#### The input
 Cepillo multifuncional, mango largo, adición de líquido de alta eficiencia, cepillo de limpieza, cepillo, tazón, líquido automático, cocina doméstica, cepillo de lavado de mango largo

---

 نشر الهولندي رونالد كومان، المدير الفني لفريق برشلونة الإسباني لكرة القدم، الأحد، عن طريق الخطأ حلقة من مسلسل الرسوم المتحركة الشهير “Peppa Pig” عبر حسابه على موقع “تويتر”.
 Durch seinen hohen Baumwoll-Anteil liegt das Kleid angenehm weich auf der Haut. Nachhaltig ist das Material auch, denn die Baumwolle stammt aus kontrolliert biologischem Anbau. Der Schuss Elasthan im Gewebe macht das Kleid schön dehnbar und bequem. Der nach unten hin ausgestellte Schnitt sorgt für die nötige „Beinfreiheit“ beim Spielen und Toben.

...

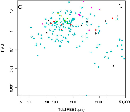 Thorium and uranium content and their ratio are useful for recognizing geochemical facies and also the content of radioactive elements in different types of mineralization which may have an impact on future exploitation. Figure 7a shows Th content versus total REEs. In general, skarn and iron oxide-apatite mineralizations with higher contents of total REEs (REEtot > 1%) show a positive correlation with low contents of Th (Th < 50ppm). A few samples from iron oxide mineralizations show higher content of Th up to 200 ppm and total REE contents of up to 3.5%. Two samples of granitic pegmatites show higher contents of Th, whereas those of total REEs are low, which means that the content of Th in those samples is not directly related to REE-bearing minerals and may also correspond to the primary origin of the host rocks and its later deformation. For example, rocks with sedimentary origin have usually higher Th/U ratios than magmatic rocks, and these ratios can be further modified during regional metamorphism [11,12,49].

#### What the task asks
Reproduce exactly the entries above, limited to the lines from the one with "نشر الهولندي رونالد" through the one with "Durch seinen hohen", both included.

#### Answer to the exercise
 نشر الهولندي رونالد كومان، المدير الفني لفريق برشلونة الإسباني لكرة القدم، الأحد، عن طريق الخطأ حلقة من مسلسل الرسوم المتحركة الشهير “Peppa Pig” عبر حسابه على موقع “تويتر”.
 Durch seinen hohen Baumwoll-Anteil liegt das Kleid angenehm weich auf der Haut. Nachhaltig ist das Material auch, denn die Baumwolle stammt aus kontrolliert biologischem Anbau. Der Schuss Elasthan im Gewebe macht das Kleid schön dehnbar und bequem. Der nach unten hin ausgestellte Schnitt sorgt für die nötige „Beinfreiheit“ beim Spielen und Toben.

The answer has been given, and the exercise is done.